Record set ▸
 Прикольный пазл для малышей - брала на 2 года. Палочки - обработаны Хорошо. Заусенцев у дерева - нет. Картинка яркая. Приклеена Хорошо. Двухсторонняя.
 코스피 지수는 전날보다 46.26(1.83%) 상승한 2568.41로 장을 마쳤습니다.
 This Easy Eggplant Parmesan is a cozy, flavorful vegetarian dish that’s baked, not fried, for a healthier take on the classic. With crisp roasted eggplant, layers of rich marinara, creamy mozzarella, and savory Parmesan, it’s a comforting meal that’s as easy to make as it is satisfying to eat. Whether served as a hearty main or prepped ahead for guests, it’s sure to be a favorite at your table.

---

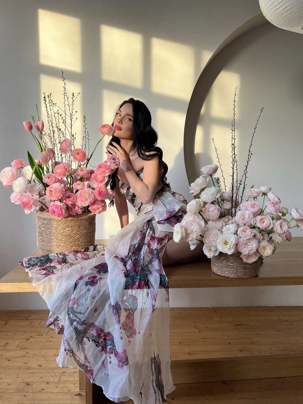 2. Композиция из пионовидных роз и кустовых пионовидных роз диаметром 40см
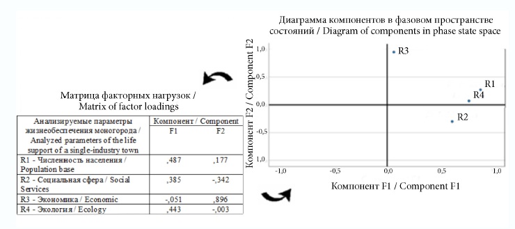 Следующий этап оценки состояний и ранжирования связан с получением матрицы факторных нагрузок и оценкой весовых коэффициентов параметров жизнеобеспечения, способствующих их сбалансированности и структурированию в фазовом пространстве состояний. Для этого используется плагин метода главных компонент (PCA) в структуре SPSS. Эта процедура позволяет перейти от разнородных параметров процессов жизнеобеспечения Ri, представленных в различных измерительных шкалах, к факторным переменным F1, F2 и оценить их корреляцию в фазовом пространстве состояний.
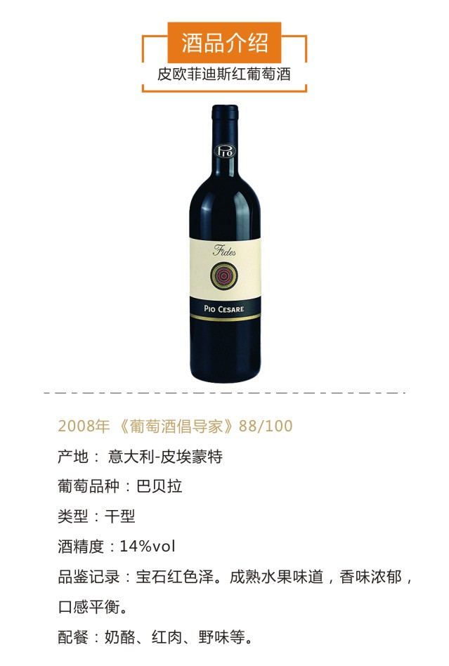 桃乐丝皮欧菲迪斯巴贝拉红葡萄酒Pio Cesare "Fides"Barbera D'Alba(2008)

What the task requires ▸ Retype only the stretch of lines above starting at the one with "Прикольный пазл для" and stopping at the one with "This Easy Eggplant", exactly as written, with both kept.

Answer to this problem ▸
 Прикольный пазл для малышей - брала на 2 года. Палочки - обработаны Хорошо. Заусенцев у дерева - нет. Картинка яркая. Приклеена Хорошо. Двухсторонняя.
 코스피 지수는 전날보다 46.26(1.83%) 상승한 2568.41로 장을 마쳤습니다.
 This Easy Eggplant Parmesan is a cozy, flavorful vegetarian dish that’s baked, not fried, for a healthier take on the classic. With crisp roasted eggplant, layers of rich marinara, creamy mozzarella, and savory Parmesan, it’s a comforting meal that’s as easy to make as it is satisfying to eat. Whether served as a hearty main or prepped ahead for guests, it’s sure to be a favorite at your table.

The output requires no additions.